You know kremšnita? Great! Let me know when you will come in Slovenia!Or anybody else of you - shopboters.

Lep pozdrav

Bojan

mikejohn
10-03-2006, 10:58 AM
Bojan
It's the like of kremsnita that makes Gerald the size he is!!


.........Mike

wcsg
10-03-2006, 10:59 AM
33 just turned, and still dead sexy

gerald_d
10-03-2006, 11:19 AM
We discovered kremšnita in Samobor (HR) last year - that's where I put one foot into Slovenia when the border guards weren't looking. Is 150kg a big size?

bill.young
10-03-2006, 12:16 PM
An updated ShopBot Editor with a fix for a problem where files are opened as Read-only has been posted in ShopBot Labs (http://www.shopbottools.com/shopbot_labs.htm). If you have a computer that has this problem please download the update and help us test it out.

Take me to the Editor update (http://www.shopbottools.com/files/LabFiles/sbEditor.htm)

Bill

bojan
10-03-2006, 02:39 PM
Cool, 150kg kremshnita!!

kremshnita:


(Far away from topic?!)

Lep poydrav

Bojan

bojan
10-03-2006, 02:40 PM
hm, where is picture?

bojan
10-03-2006, 02:45 PM
OK, this one is right size:

9057

bojan
10-03-2006, 02:45 PM
OK, this one is right size:

9058

trakwebster
10-14-2006, 03:25 PM
The 'copy machine update' on shopbot labs says --

"Notes...Requires an open source control (vbtablet.dll) that interfaces with the digitizing tablet.

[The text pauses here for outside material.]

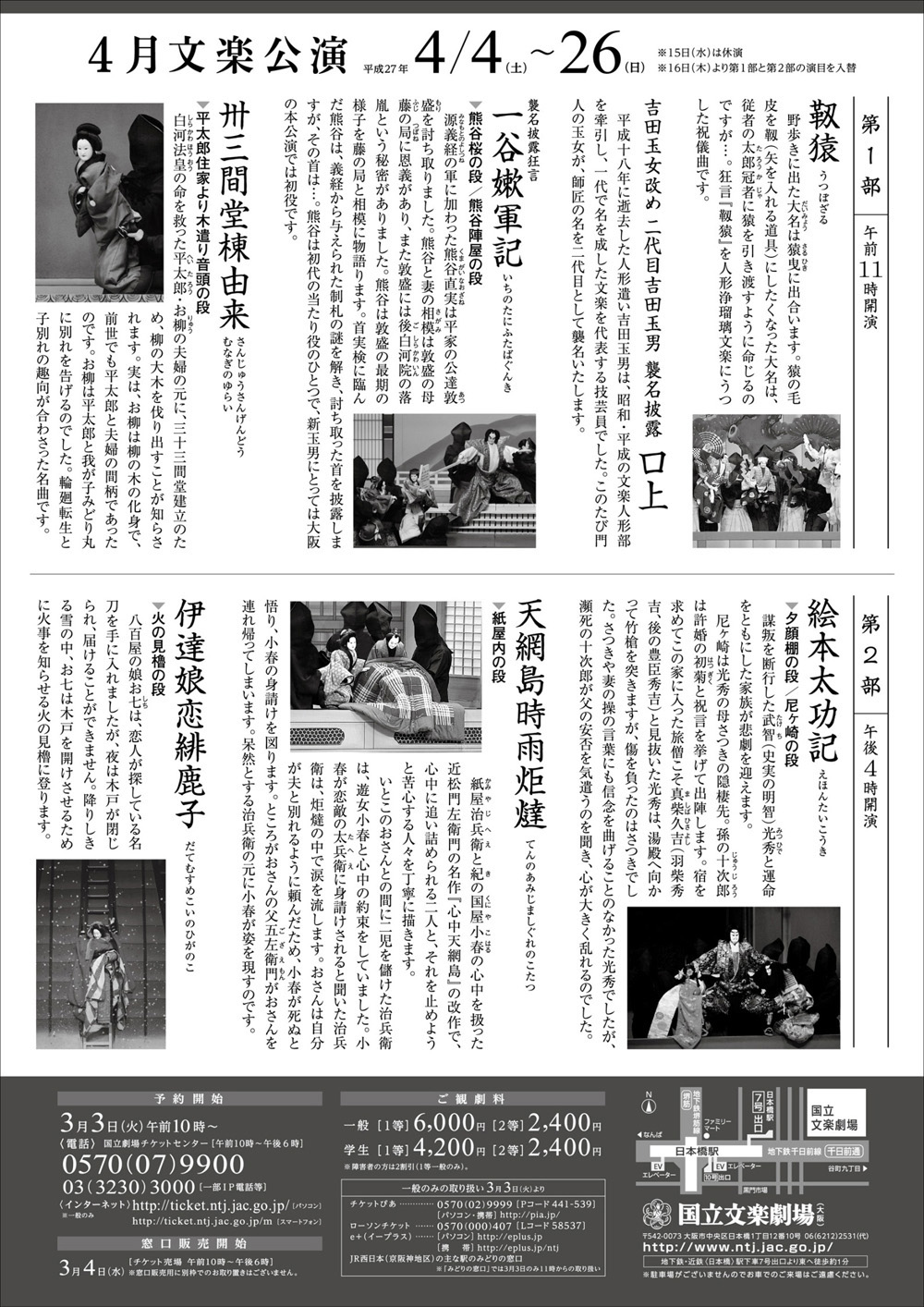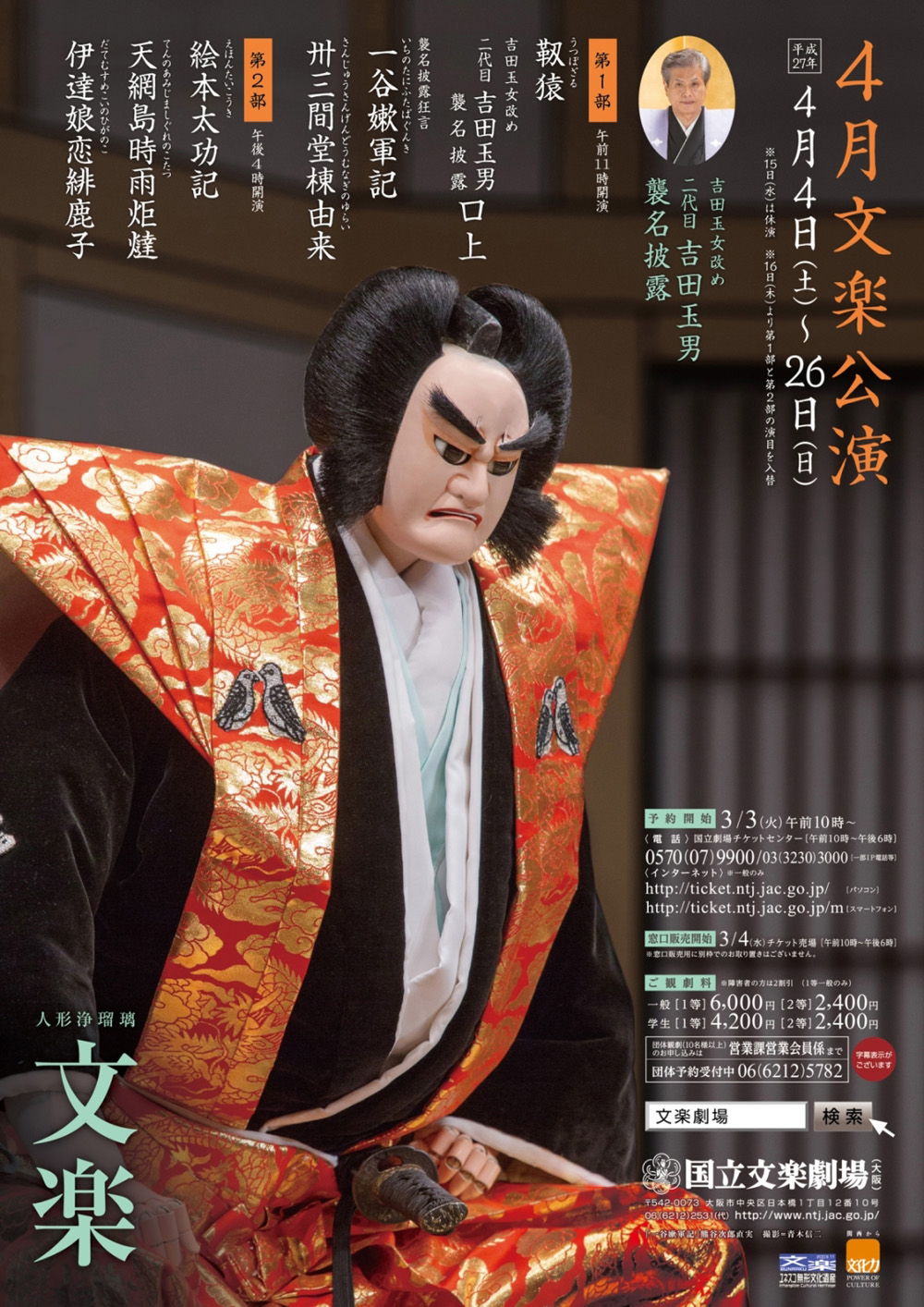 【4/6】四月大阪 文楽講座&鑑賞(二代目吉田玉男襲名披露)

The control, a .bat file that registers it, and the licensing information for the control is included in the download. More information on the control can be found on Sourceforge."

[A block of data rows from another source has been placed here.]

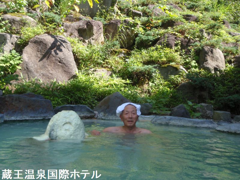 蔵王温泉街の高台に位置し、蔵王温泉で随一の大型ホテルである蔵王国際ホテルは威圧感を感じるコンクリートのホテルです。敷地は一万坪と広く、庭園を自慢としています。内湯の木造の浴室はホテルのものとは思えないほど情緒があり、よく見ると木製湯船に蕩蕩と注がれた酸性温泉が湯船の縁から溢れ出し、鼻にツンと刺激ある硫化水素系温泉は、しっとりつるスベ感をも享受でき、そんな強酸性を忘れさせてくれます。天井、湯船、床面に於いて全て木造と温泉情緒を醸し出した浴室は、温泉好きにはたまらない佇まいです。露天風呂は、風がそよそよと木々を揺らす心地の良い空間です。湯は緑がかった色をし、周辺の森林とのコントラストが美しいです。熱めの酸性泉は思ったよりは刺激が少なく肌がツルツルになります。湯船は上下2段に分かれ上は熱め、下はぬるめとなっています。湯船の淵へは白と緑の析出物が付着していました。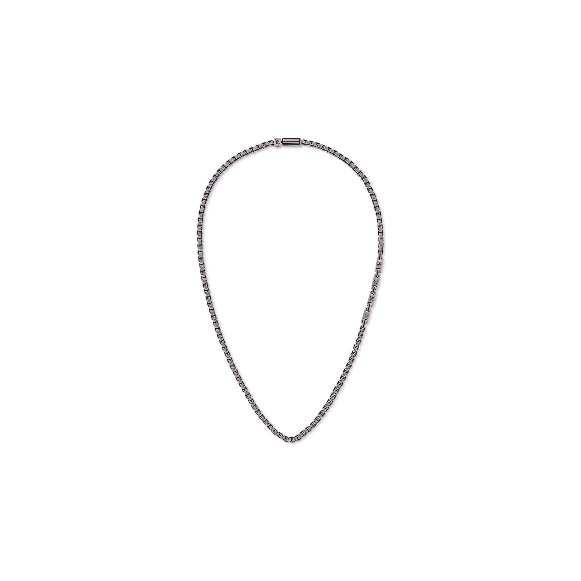 「ネックレス・LV テーラー」は、クラシカルなシルバーカラーにアンティーク調の加工を施し、モダンな印象に仕上げています。一部のリンクには、メゾンの象徴であるモノグラム・フラワーまたはLV イニシャルがブラックのパティーナで刻印され、繊細なラインが施されたリンクがそれらをつないでいます。バークラスプで開閉するスタイルです。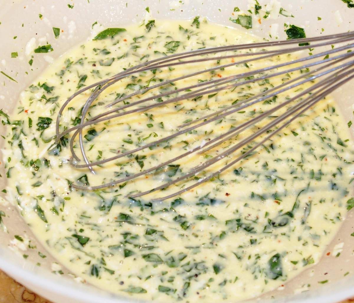 2) Dans un saladier, casser les oeufs. Ajouter le lait et la farine et bien mélanger au fouet. Ciseler les herbes et ajouter. Râper le parmesan et ajouter. Hacher les gousses d'ail et ajouter également. Saler, poivrer et ajouter une bonne pincée de piment séché.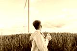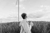 Teenage boy in yellow jacket holding sandwich and standing in front of wind turbines in rural area. Back view. Scene of break during eco project or green energy learning.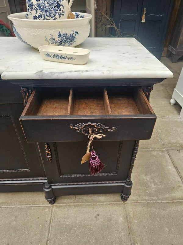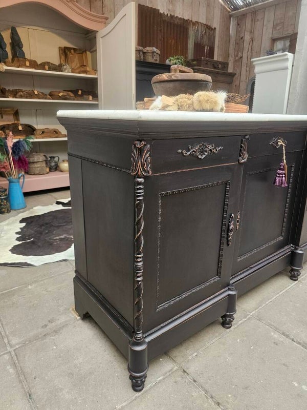 Dit schitterende antieke meubelstuk is een echte blikvanger en perfect te gebruiken als dressoir, toonbank of buffetkast. Met zijn diepe, matzwarte afwerking en subtiele koperaccenten straalt het karakter en stijl uit. Het massieve houtwerk en authentieke marmeren bovenblad maken het een duurzaam én charmant stuk voor elk interieur of winkelruimte.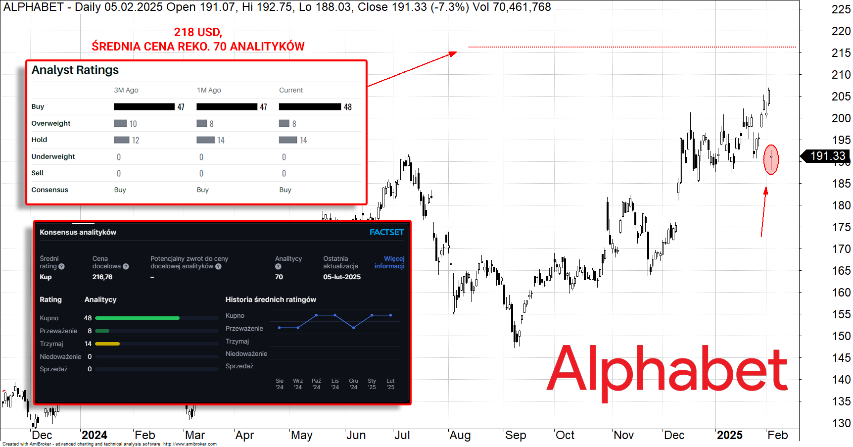 Akcje Alphabet zanotowały spadek o 7,4%, osiągając w środę wartość 191,10 USD. Powodem gwałtownej reakcji rynku były opublikowane dzień wcześniej wyniki kwartalne oraz plany zwiększenia nakładów inwestycyjnych o 43% w porównaniu z 2024 rokiem. Prognozy analityków zakładały wydatki na poziomie 57 miliardów dolarów, a więc znacząco niższe od rzeczywistej kwoty przedstawionej przez spółkę.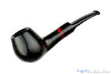 Shiny and smooth, this black morta apple from American pipe maker, Ron Smith is subtly bent and trimmed with a band of red acrylic for a spot of color in this understated and dual toned finish. Wide enough in the chamber for a favorite English or Balkan, burleys and aromatics will definitely do well here too. Classy and just as sexy as a little black dress, this dark smoker draws like a dream and will be the faithful companion every smoker needs in their daily rotation.

This same note is found on the 'sketchpad' download page, and I can see why the 'vtablet.dll' might be handy for a digitizing tablet as used in the 'sketchpad' software.

But is this 'vtablett.dll' really needed for the copy machine update? Or is this just a typo?

bill.young
10-14-2006, 05:54 PM
You're correct...you only need it that dll for the SketchPad. It was just sloppy Cutting and Pasting on my part when I put the pages together...it's fixed now.

Bill

bill.young
12-31-2006, 12:12 PM
The file splitter has been updated in ShopBot Labs (http://www.shopbottools.com/shopbot_labs.htm)...thanks to some good feedback you can now specify the maximum number of lines in your output files and there's a little better feedback so that you know what's going on.

I'm working on a couple of new projects that will start out in ShopBot Labs...I'll post when they're up.